Prompt |
Write out, with no changes, every line starting at the one that contains "Već tradicionalno, Brodsko-posavska" and ending at the last line of the data below. Leave pictures out.

Material shown |
*** Block opens ***

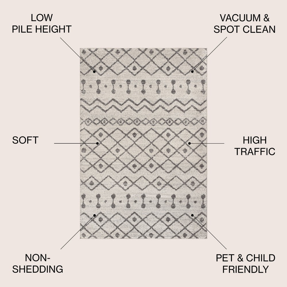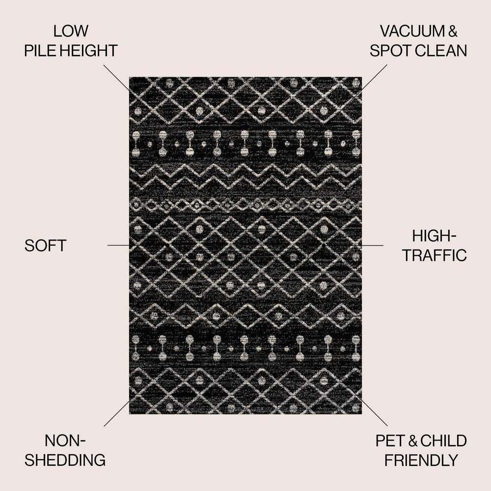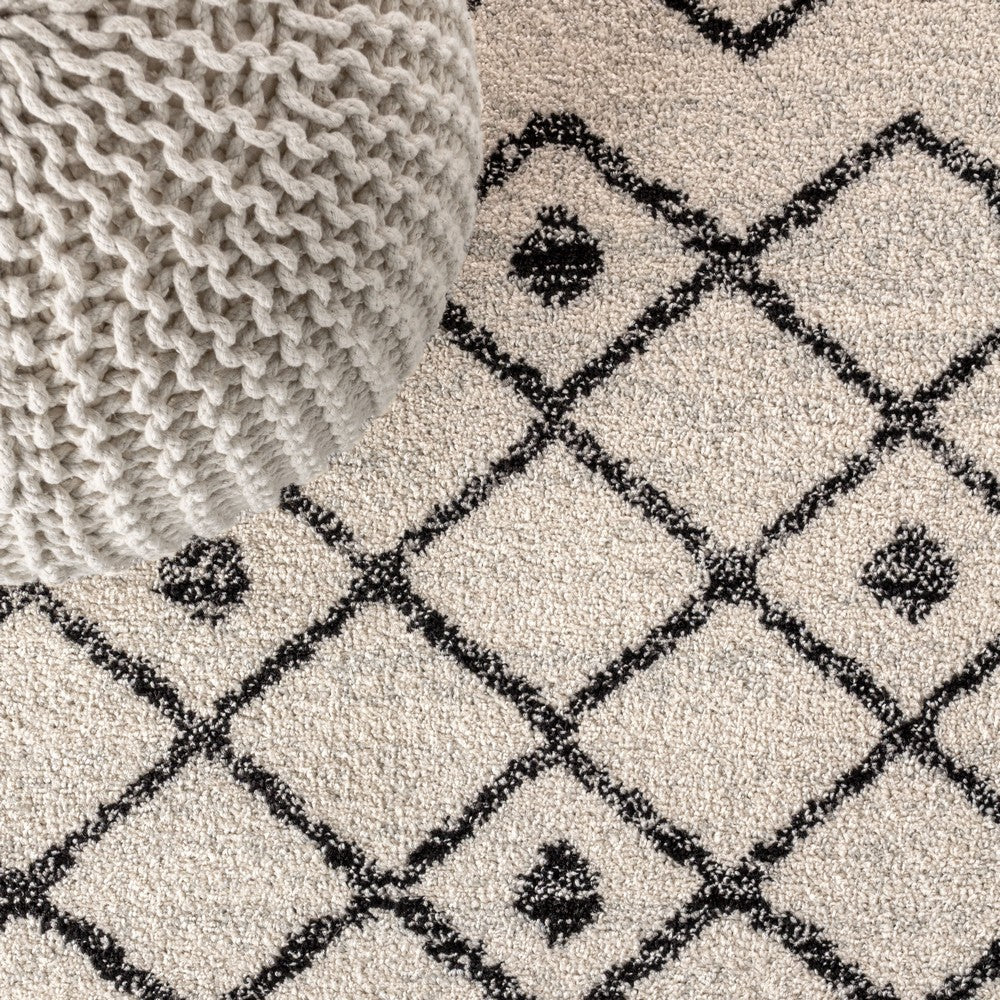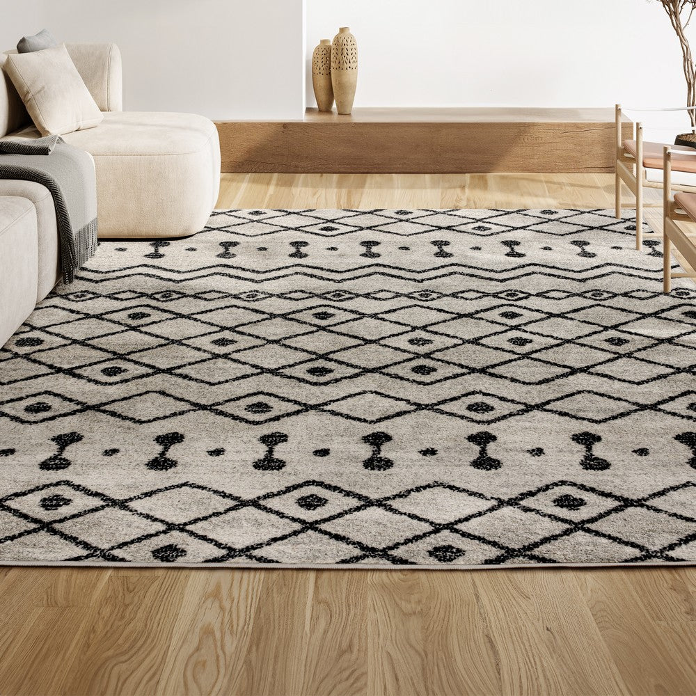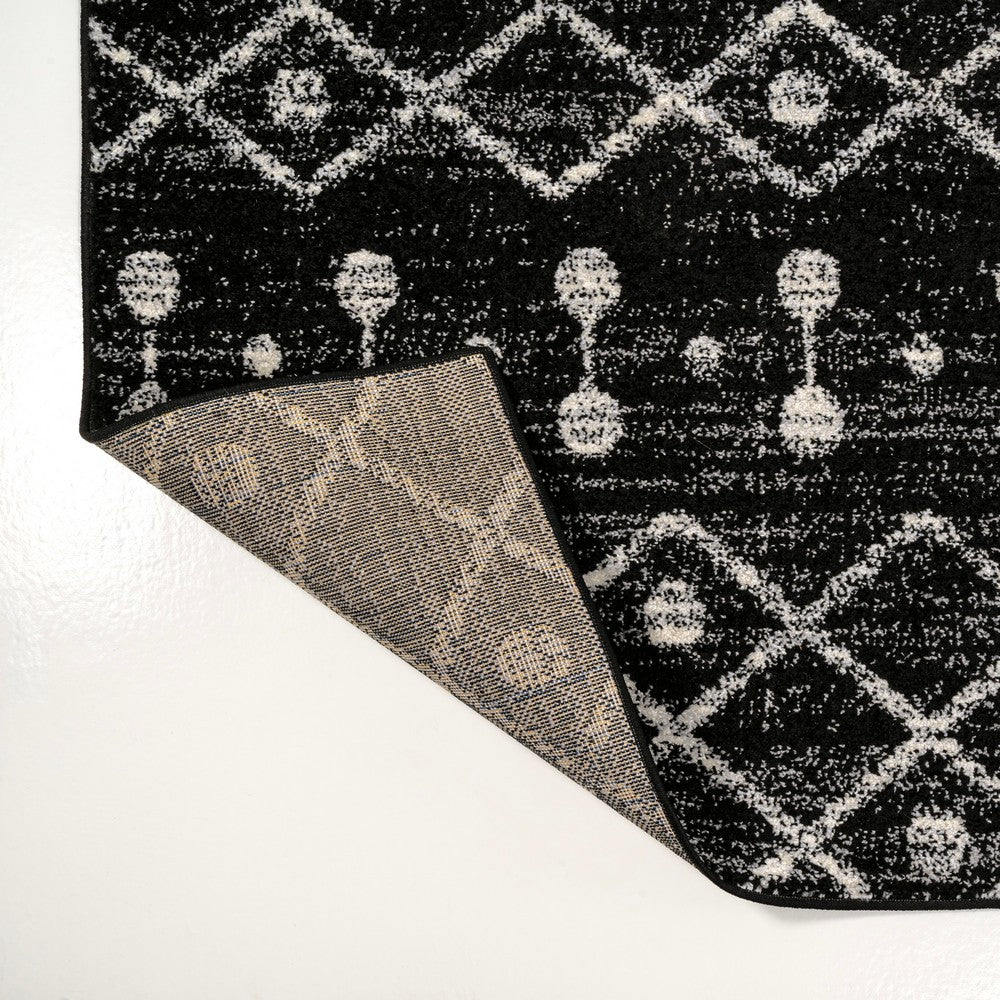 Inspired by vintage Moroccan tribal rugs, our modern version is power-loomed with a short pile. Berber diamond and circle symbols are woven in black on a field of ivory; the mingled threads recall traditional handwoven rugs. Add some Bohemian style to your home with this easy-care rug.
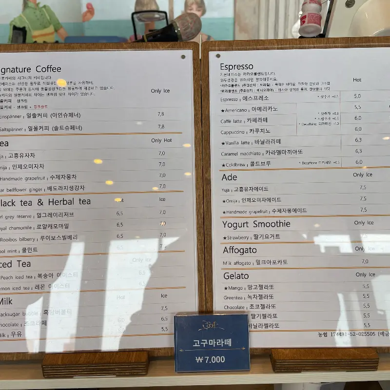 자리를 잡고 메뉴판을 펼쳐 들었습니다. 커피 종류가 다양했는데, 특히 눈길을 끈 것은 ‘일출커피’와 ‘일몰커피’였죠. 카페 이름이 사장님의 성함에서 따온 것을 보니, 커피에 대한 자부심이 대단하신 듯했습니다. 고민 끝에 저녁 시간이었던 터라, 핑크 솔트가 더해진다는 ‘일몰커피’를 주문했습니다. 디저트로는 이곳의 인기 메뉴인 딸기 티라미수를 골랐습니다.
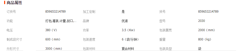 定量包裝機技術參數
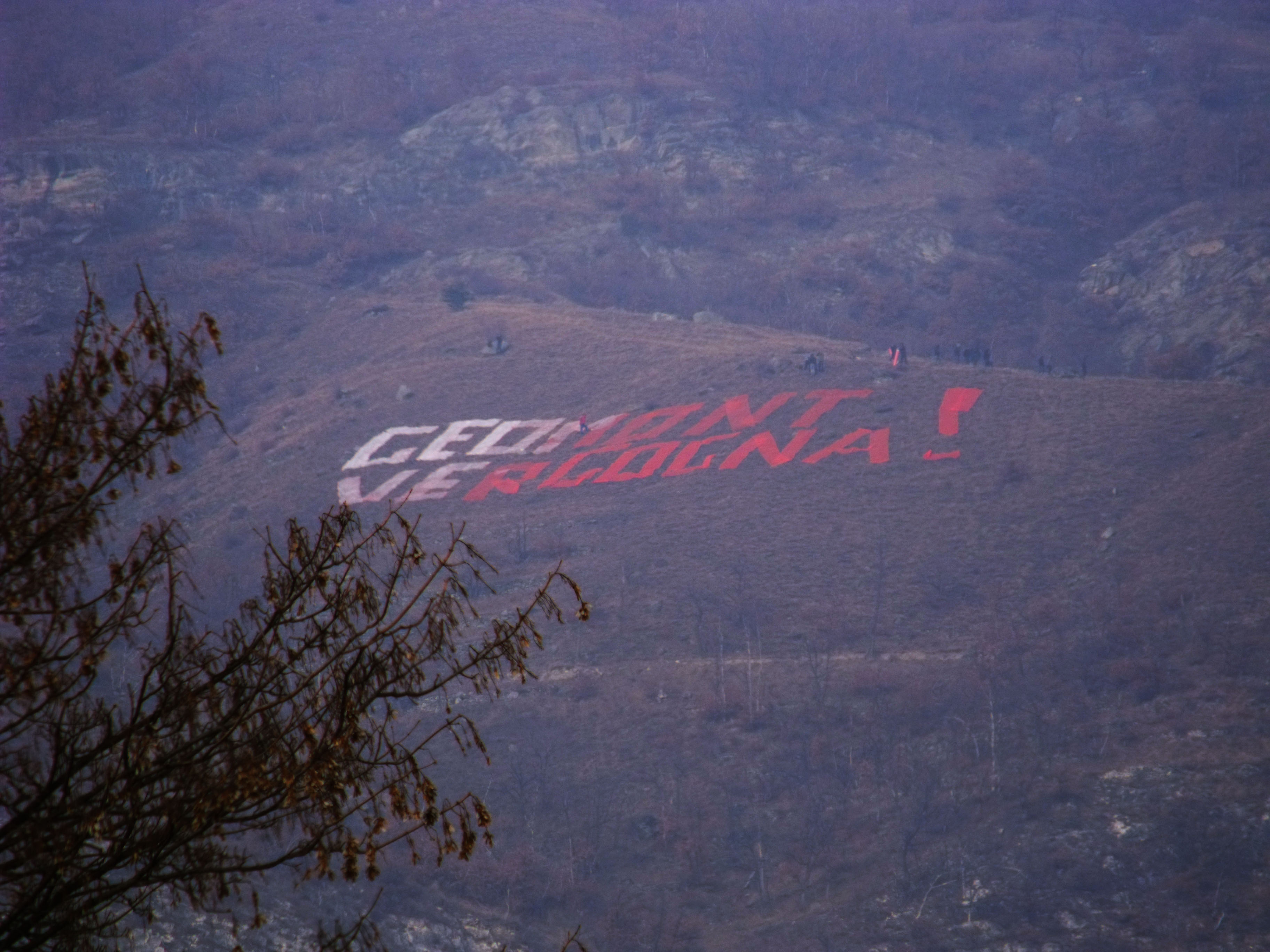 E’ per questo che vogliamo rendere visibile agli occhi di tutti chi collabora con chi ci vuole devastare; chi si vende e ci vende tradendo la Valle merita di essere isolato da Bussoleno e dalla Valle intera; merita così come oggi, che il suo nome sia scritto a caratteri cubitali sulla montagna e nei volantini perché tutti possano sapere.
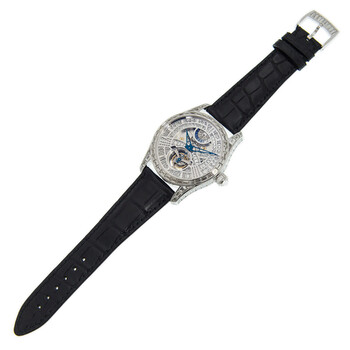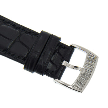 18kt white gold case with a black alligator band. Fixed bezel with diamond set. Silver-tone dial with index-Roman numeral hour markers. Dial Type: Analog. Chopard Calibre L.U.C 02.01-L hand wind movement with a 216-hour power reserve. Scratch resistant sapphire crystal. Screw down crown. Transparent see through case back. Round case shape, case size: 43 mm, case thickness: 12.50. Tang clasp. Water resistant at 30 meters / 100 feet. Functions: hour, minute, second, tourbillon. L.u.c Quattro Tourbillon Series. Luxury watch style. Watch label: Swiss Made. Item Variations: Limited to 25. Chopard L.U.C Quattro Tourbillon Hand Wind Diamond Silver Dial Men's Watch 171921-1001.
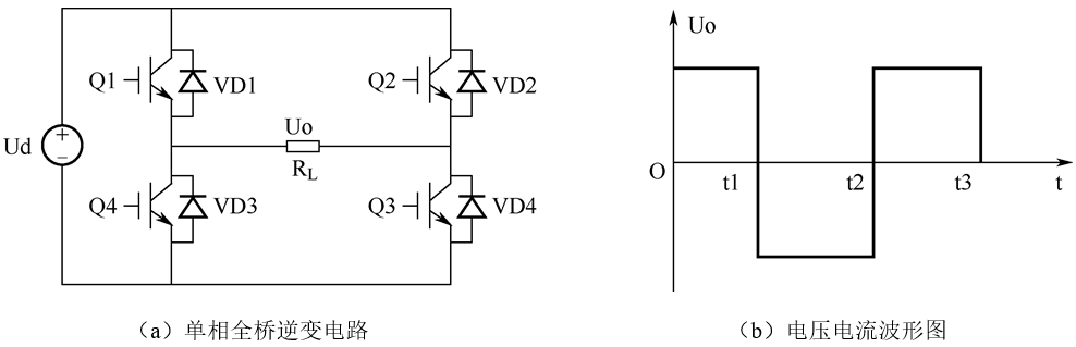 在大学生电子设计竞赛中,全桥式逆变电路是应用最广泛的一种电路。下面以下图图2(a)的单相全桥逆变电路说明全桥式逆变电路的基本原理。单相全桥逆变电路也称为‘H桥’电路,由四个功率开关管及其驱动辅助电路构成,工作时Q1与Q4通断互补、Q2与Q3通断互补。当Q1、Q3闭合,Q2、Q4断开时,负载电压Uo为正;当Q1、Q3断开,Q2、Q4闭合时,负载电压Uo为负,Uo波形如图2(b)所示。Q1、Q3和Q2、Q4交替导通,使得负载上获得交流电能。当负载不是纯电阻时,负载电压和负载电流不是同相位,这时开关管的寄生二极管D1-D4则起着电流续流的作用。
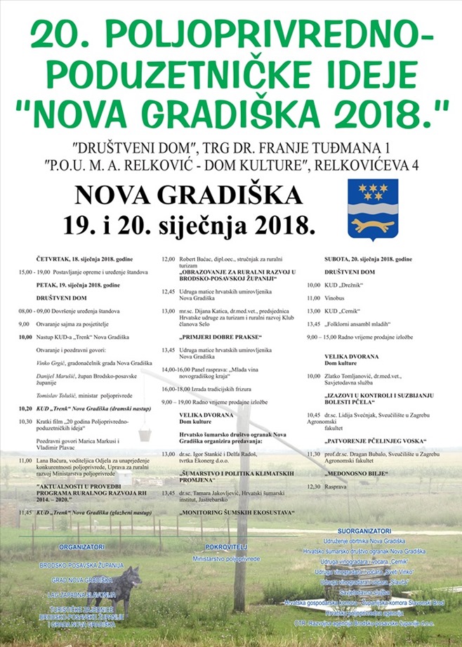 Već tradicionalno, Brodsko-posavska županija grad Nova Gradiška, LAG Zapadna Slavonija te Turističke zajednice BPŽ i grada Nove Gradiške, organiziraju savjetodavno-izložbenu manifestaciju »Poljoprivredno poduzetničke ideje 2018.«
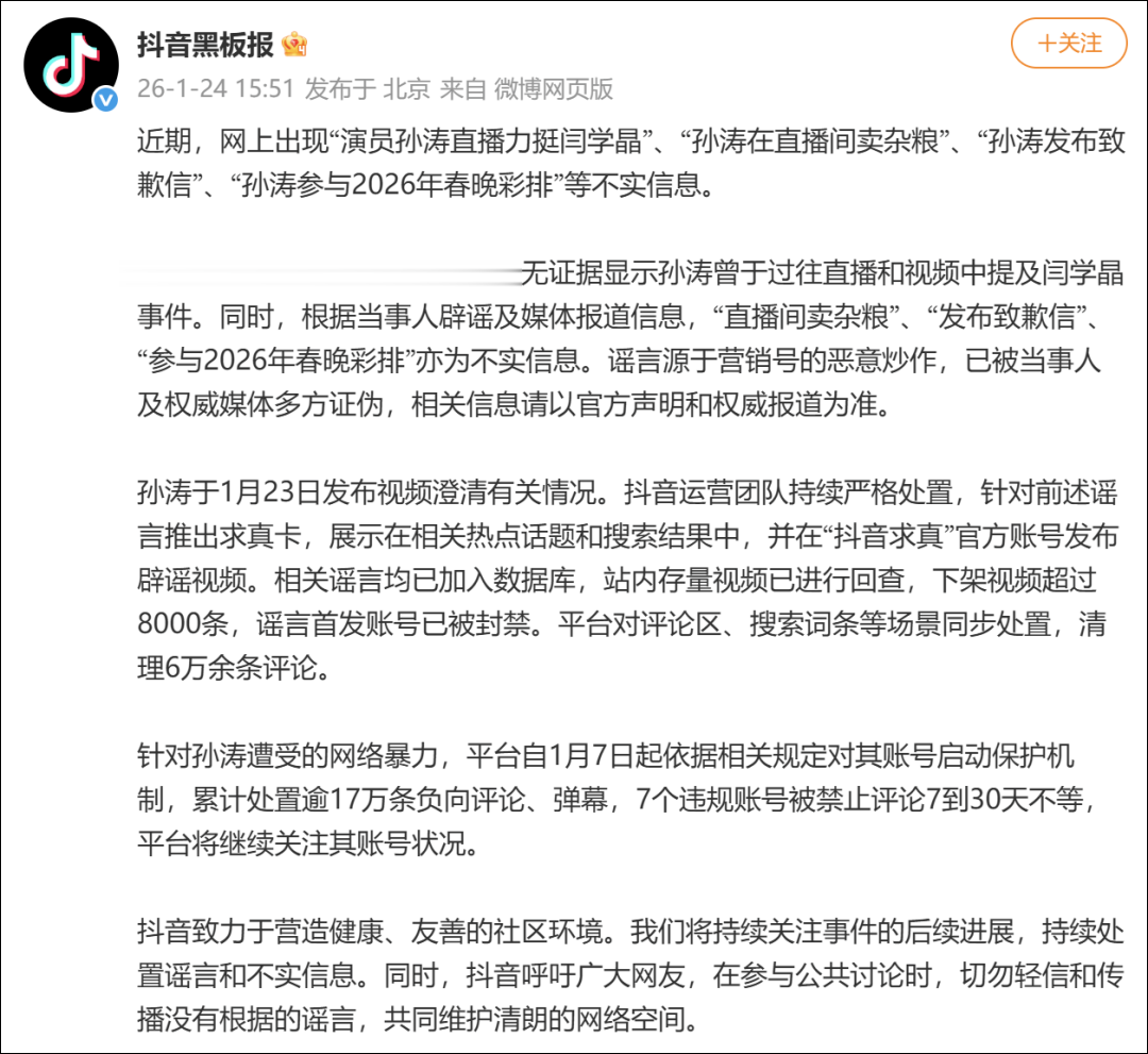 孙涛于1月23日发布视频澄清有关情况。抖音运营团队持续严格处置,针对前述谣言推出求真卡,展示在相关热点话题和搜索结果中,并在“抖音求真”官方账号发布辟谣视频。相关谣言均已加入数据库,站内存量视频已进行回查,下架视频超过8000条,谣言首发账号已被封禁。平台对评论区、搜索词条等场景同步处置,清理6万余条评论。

*** Block closes ***

Exercise answer |
 Već tradicionalno, Brodsko-posavska županija grad Nova Gradiška, LAG Zapadna Slavonija te Turističke zajednice BPŽ i grada Nove Gradiške, organiziraju savjetodavno-izložbenu manifestaciju »Poljoprivredno poduzetničke ideje 2018.«
 孙涛于1月23日发布视频澄清有关情况。抖音运营团队持续严格处置,针对前述谣言推出求真卡,展示在相关热点话题和搜索结果中,并在“抖音求真”官方账号发布辟谣视频。相关谣言均已加入数据库,站内存量视频已进行回查,下架视频超过8000条,谣言首发账号已被封禁。平台对评论区、搜索词条等场景同步处置,清理6万余条评论。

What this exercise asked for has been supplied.